A few years ago I took home some moss I thought it was some kind of Star moss, from the local forest, far away from water growing on sandy soil. Did put it submerged in a tank, all went brown looking dead and ugly. I just left it like that for months. And all of a sudden it revived grew new shoots from its tips looking rather different.

There are quite some more mosses that can grow both ways on land as in your garden and in water and both forms look different but it's the same moss. One known aquatic moss in the trade is called stringy moss -  Leptodictyum Riparium.

Land form



 

Aquatic form




We only know a few, likely there are many more... Maybe all mosses if given the proper conditions can do this.
The question is what is this condiction? The other question is, what moss are we talking about? Determining this beyond the few we know can be extremely difficult and few people are able to do this accurately in 90% of the cases its guesswork.

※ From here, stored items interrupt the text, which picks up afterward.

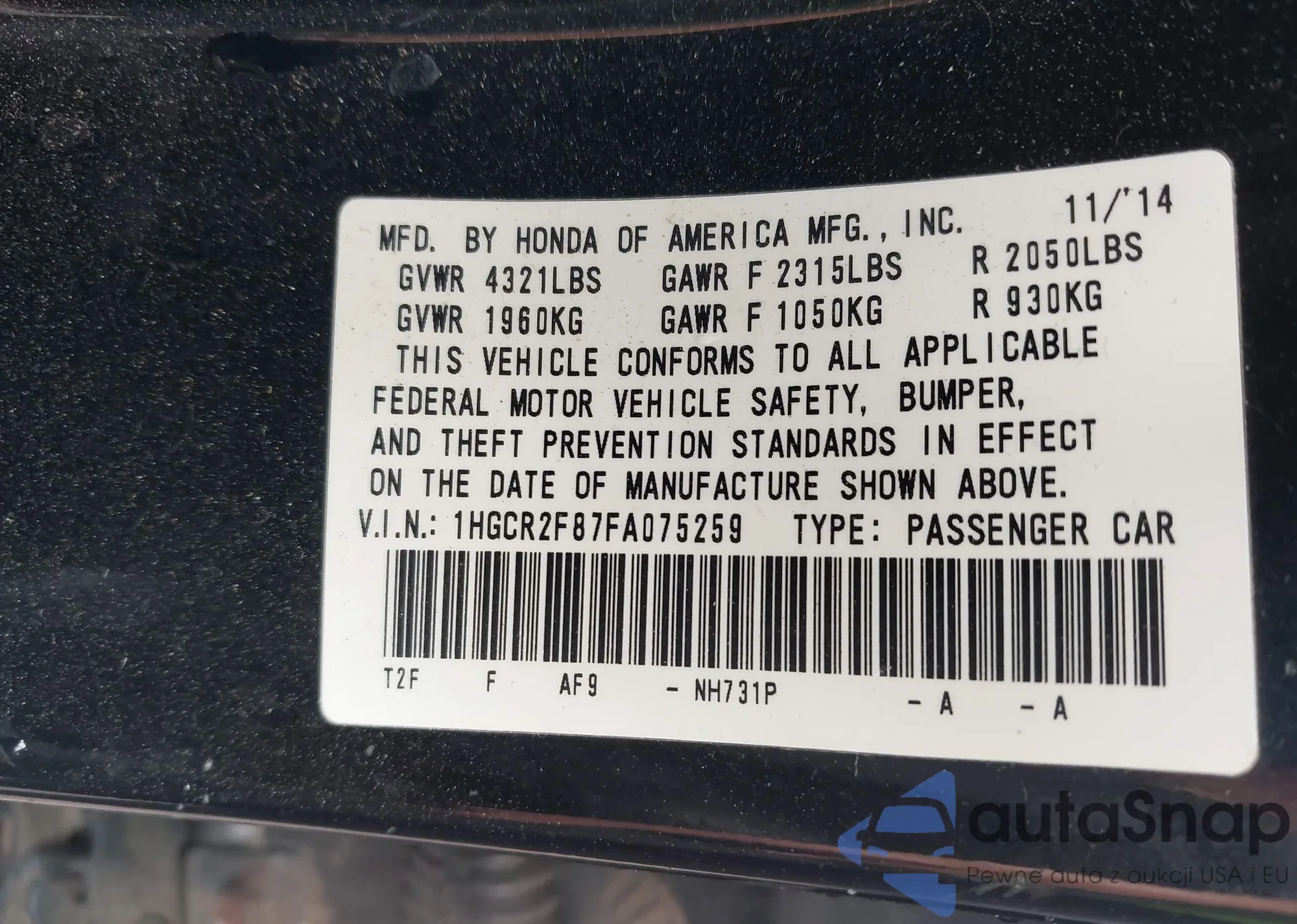 • VIN 1HGCR2F87FA075259
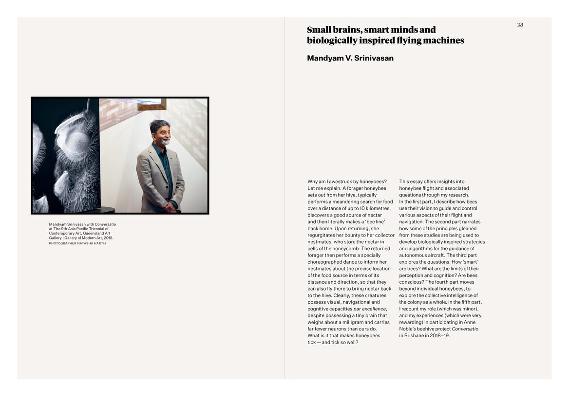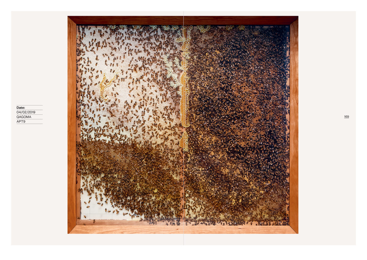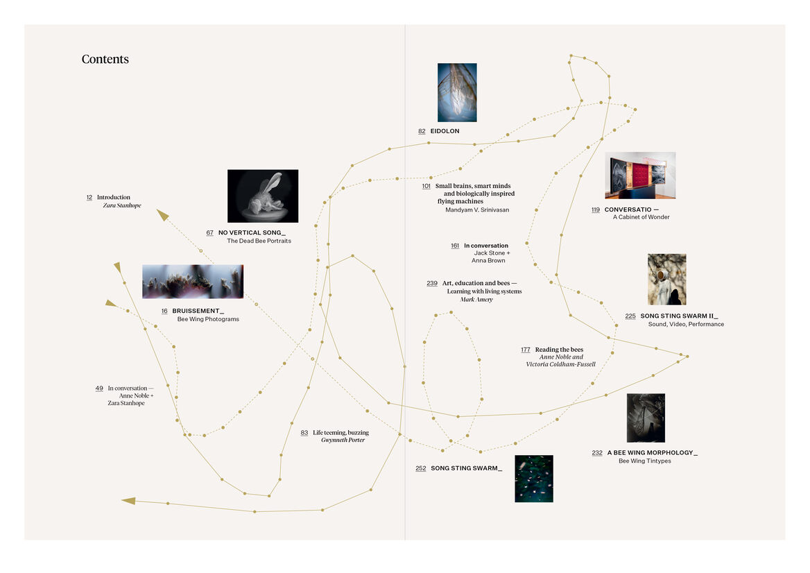 The contents page presents the photography and text in parallel structure. Both are linked by a zig-zagging bee flight path, as opposed to a traditional linear layout. As the reader-explorer moves inwards, they find in the midpoint of the book the exhibition which represents the culmination of Noble’s bee journey at the Asia Pacific Triennial in Brisbane. This echoes the visitor experience of opening up the doors of the Cabinet of Wonder to reveal the observation hive within.
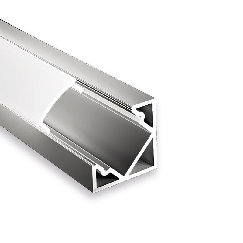 Profili corner in lega di alluminio estruso anodizzato, cover semi-trasparente, ideali per l'installazione di strip led. 4 ganci di fissaggio e 4 tappi di chiusura (2 + 2), sono forniti con il profilo.
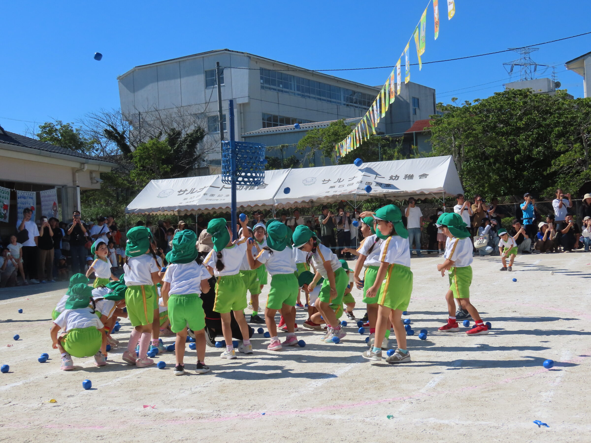 競技の玉入れでは、カゴを目掛けて一生懸命に投げていましたよ☆

Thus Rock & Roll, you never know!...


----------



## Tim Harrison (15 Oct 2020)

You're right Marcel, bryophytes are amazingly adaptive. I guess the answer would be to give it a go and see what happens


----------



## zozo (15 Oct 2020)

Tim Harrison said:


> You're right Marcel, bryophytes are amazingly adaptive. I guess the answer would be to give it a go and see what happens



Yes, Tim, they are indeed amazing, even on land they can change form if given another condition to grow. I experienced this playing with Wabi Kusa and taking moss from the garden. Took some bright green moss patch from a concrete patio block wall in the garden. Always see it grow in small patches maybe 1mm tall, I see it every day and it never grows any taller on calcareous concrete/stone surfaces. But when I did put it on damp peat soil it started to grow rather rapidly over 10mm tall within a few weeks looking completely different. Unfortunately, as 90% of the mosses I took from nature I was unable to determine its kind.


----------



## RudeDogg1 (15 Oct 2020)

Cheers guys


----------